In a nutshell, the new microscope offers a startling combination of speed and clarity—or, as Hove puts it, "It’s like a traditional confocal microscope married to an ultra-high-speed confocal microscope.” (A confocal microscope creates high-resolution images by eliminating out-of-focus light through use of a laser light source and an optical pinhole through which the light passes.)
Traditional confocal microscopy users can reconstruct three-dimensional structures by "stacking” the 2-D images and stitching them together with special software. Hove’s lab has recently developed a multi-pinhole approach which collects data from all three spatial dimensions simultaneously.
"For example,” Hove says, "we can use the point scanner of this new system to photo-bleach (decrease in emission intensity) a series of spots on the wall of a zebrafish heart to serve as markers and then, at the same time, record the way the markers move with the dual, high-speed, scan head. This allows optical manipulation and data collection simultaneously.
"Before, we could get a picture every three or four seconds. Now, we can set this device up to collect hundreds of frames per second with the only light source being photons emitted from the fluorescing sample.”
In a demonstration, joined by Hove’s graduate student Michael Craig and Chet Closson, manager of the Live Microscopy Core, Hove’s excitement is palpable as he points to the screen and says, "Look at the blood cells moving through!”
At a cost of $796,000, the new device didn’t come cheaply—or easily. With extra money from the American Recovery and Reinvestment Act (ARRA) of 2009 available through the National Institutes of Health’s National Center for Research Resources (NCRR), competition was keen, with the process stretching well over a year.

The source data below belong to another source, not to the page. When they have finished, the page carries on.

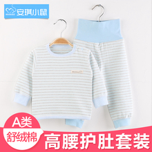 安琪小鼠 彩棉婴儿秋衣宝宝儿童内衣套装无骨高腰护肚套装秋冬季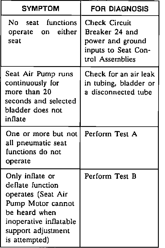 A Symptom Chart - Standard Power Seats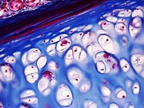 ♦ Chrupavčitá tkáň je sice složená také z buněk, mezibuněčné hmoty, kolagenních a elastických vláken, ale jednotlivé stavební komponenty mají oproti vazivové tkáni kvantitativně různé zastoupení a prostorové uspořádání. Vzhledem k těmto rozdílům má chrupavčitá tkáň jiné biomechanické vlastnosti než ostatní pojivové tkáně. Základními typy chrupavek je kloubní (hyalinní), elastická a vazivová chrupavka: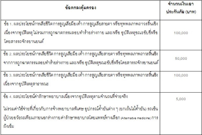 โดยความคุ้มครองตามกรมธรรม์ประกอบด้วย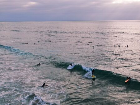 Aerial view of surfers waiting, paddling and enjoying waves before sunset time. Del Mar Beach, California, USA
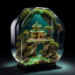photorealistic,realive,miniature,bonsai in glass box,independent building,grass,nature,no humans,(underwater:1.3),fantasy,goldfish,golden,gold trim,circular ring,fluorescent light,flsorescence,glow,glowing,jade and gem textured,(((mountain made of natural jades and Gems))),(waters),Ancient pavilion,plants,jewelry of jadeite and jade,genuine pearl,(auspicious clouds:1.1),towering trees,<lora:iconsGoBk_v16:0.4>,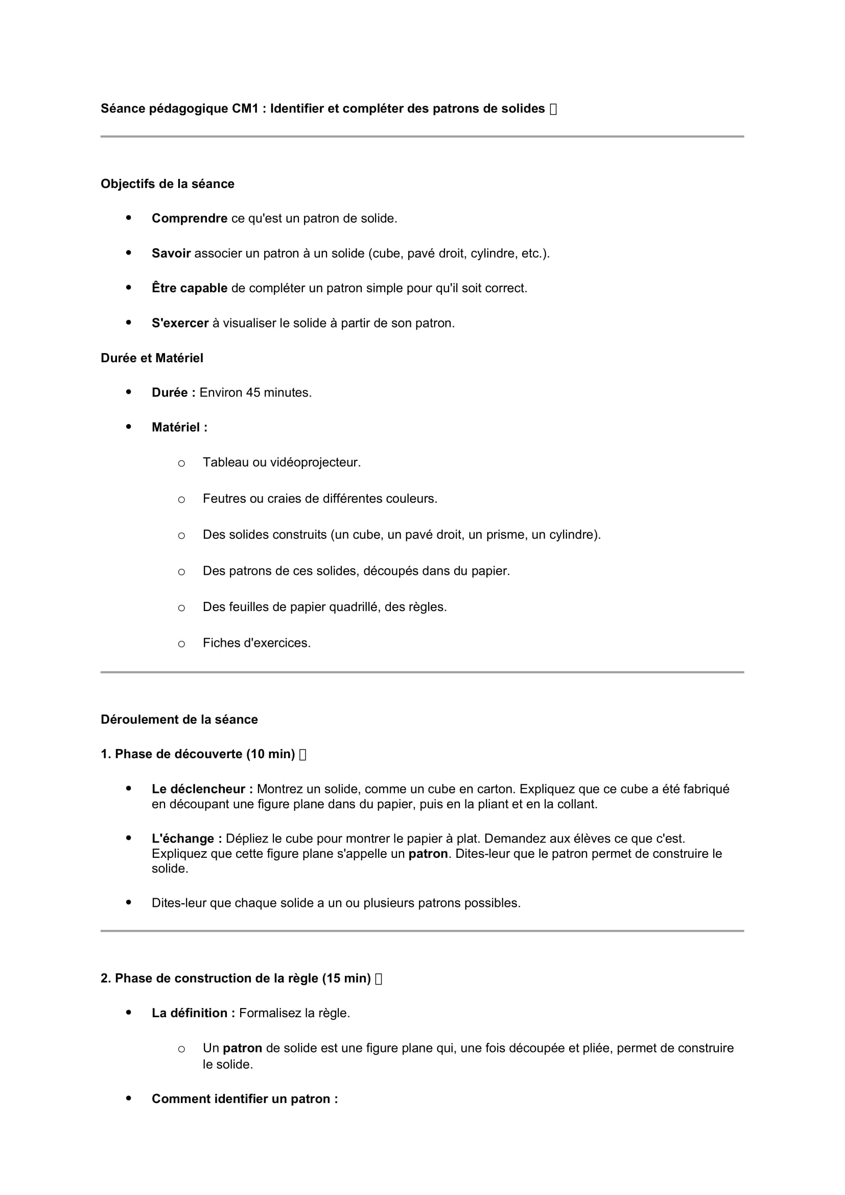 Séances pédagogiques CM1: identifier des patrons de solides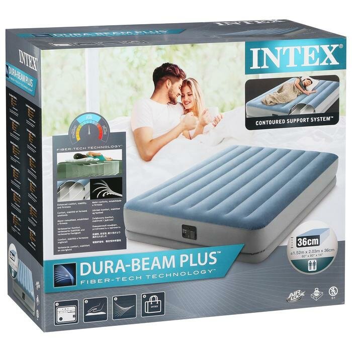 INTEX Кровать надувная Raised Comfort, 152 х 203 х 36 см, встроенный насос 220В, до 272 кг, 64168NP INTEX информация: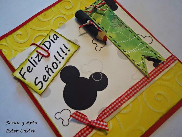 Detalles: Base dela tarjeta rojo, Mat (alfombrita) en color amarillo embosado y resaltado con lija, papel con fondo de siluetas de Mickey, banderín verde, un botón en forma de làpiz y cartel colocado con un ganchito. Detalle de cinta a cuadrille.
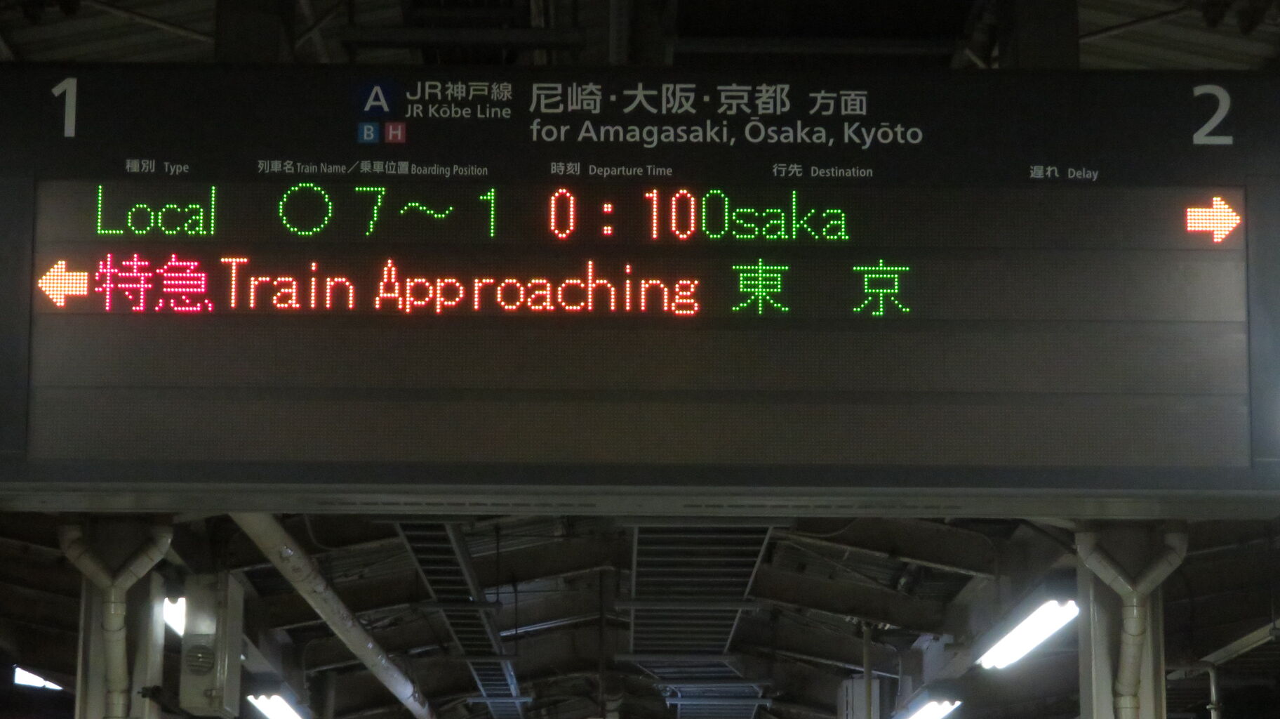 ホームへ上がって、1・2番のりばに設置されている発車標を撮影。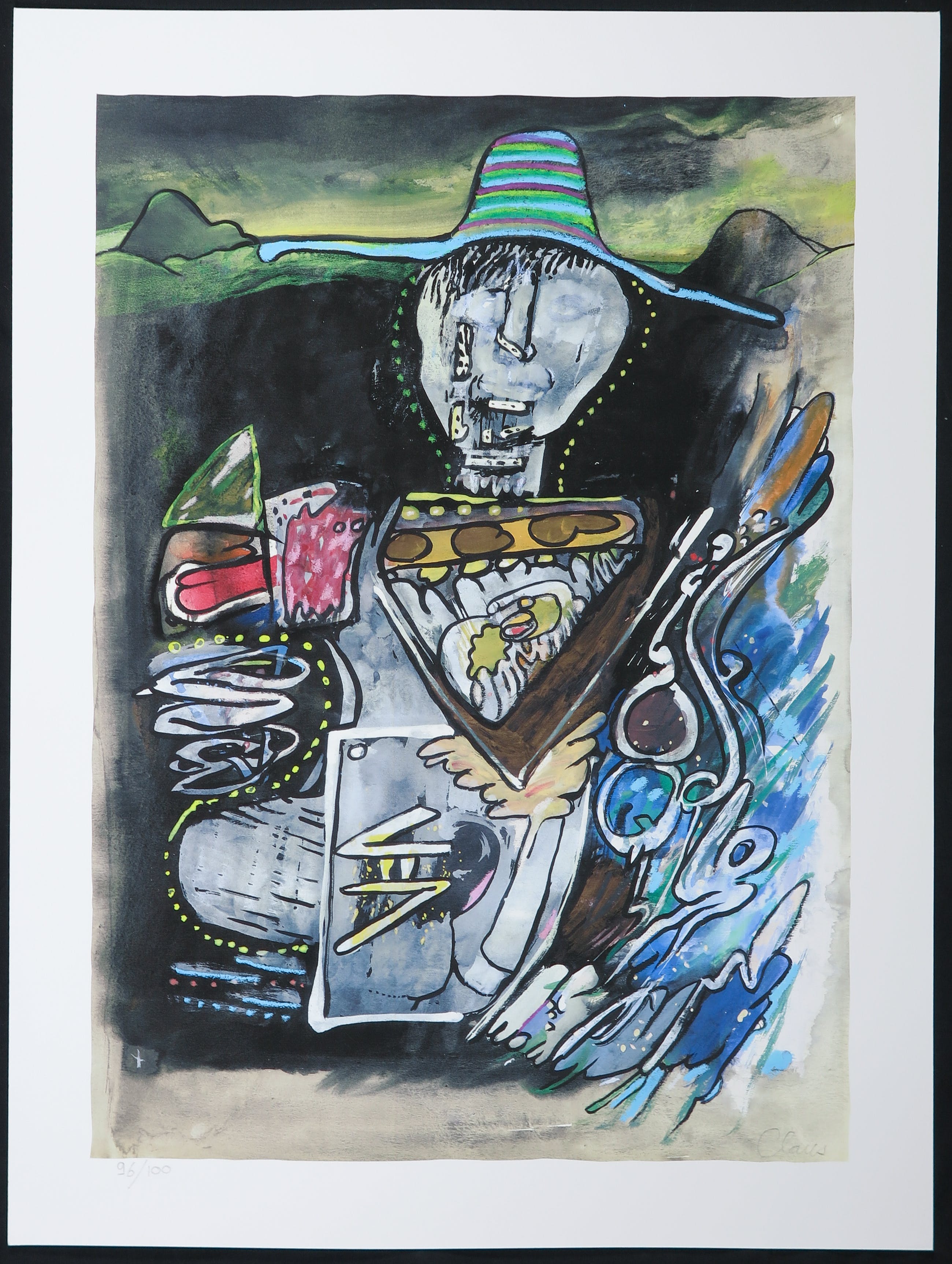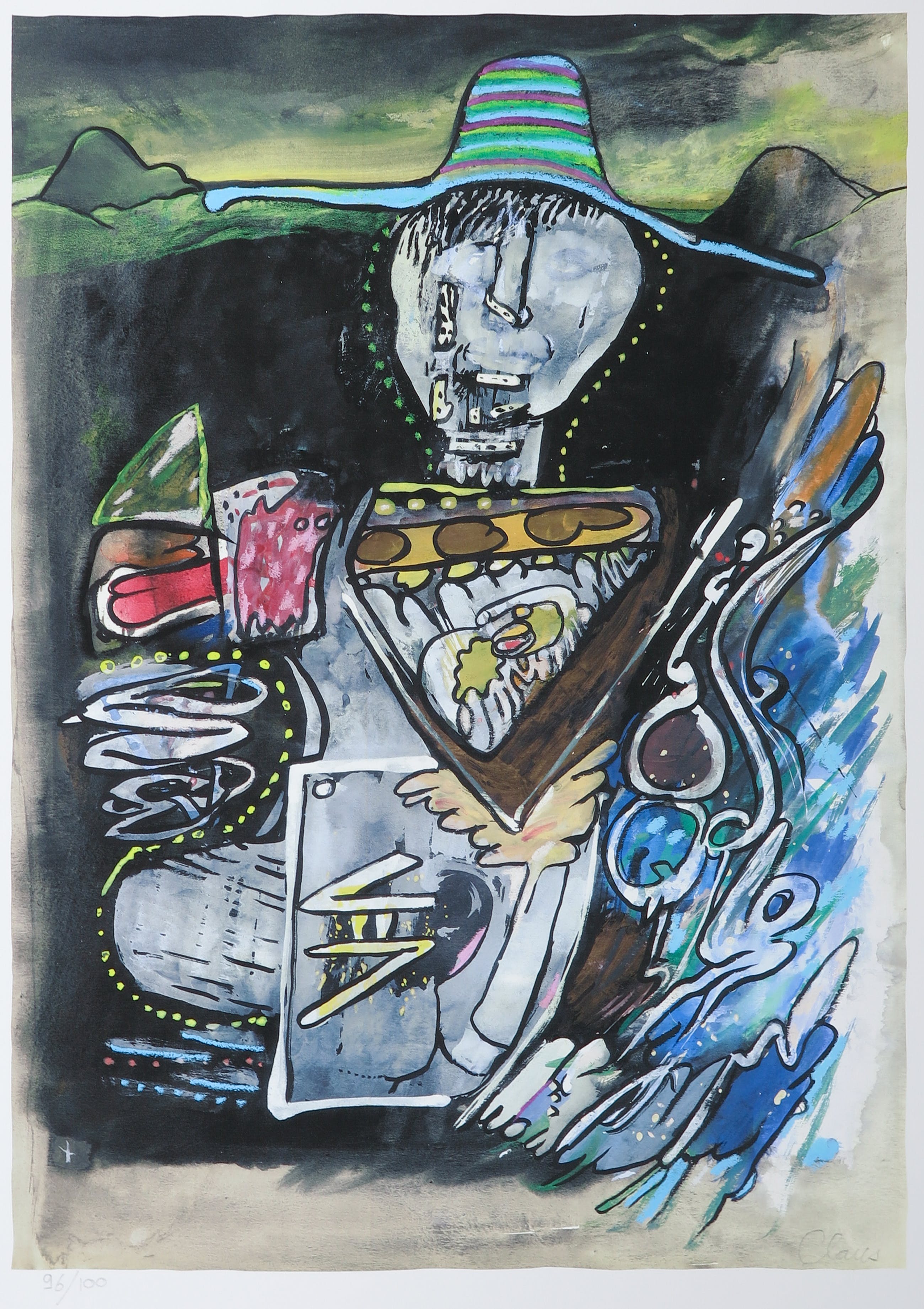 Ludieke litho van de Vlaamse auteur en kunstenaar Hugo Claus. Claus trok veel op met de leden van de CoBrA-beweging, wat resulteert in deze bijzondere stijl.

After winning the maximum grant of $500,000 from the NCRR, Hove obtained additional funding from UC and the Ohio Board of Regents to fill in the gap. User fees will help defray the cost of upkeep.
"I already have 19 different faculty members expressing interest in being primary or secondary users,” he says.
"We expect it to be a very high-use instrument, with scheduling through a website.
"I’m hopeful that this apparatus will help us as we grow into a regional research center, enhancing UC’s recognition for research excellence and supporting Ohio’s growing reputation as a hotbed for biomedical research.”
About Jay Hove’s Research:
Jay Hove, PhD, an associate professor in the department of molecular and cellular physiology, is interested in the effect of fluid flow on biology—particularly in the heart, kidneys and lymphatics. He uses zebrafish as an animal model of human disease.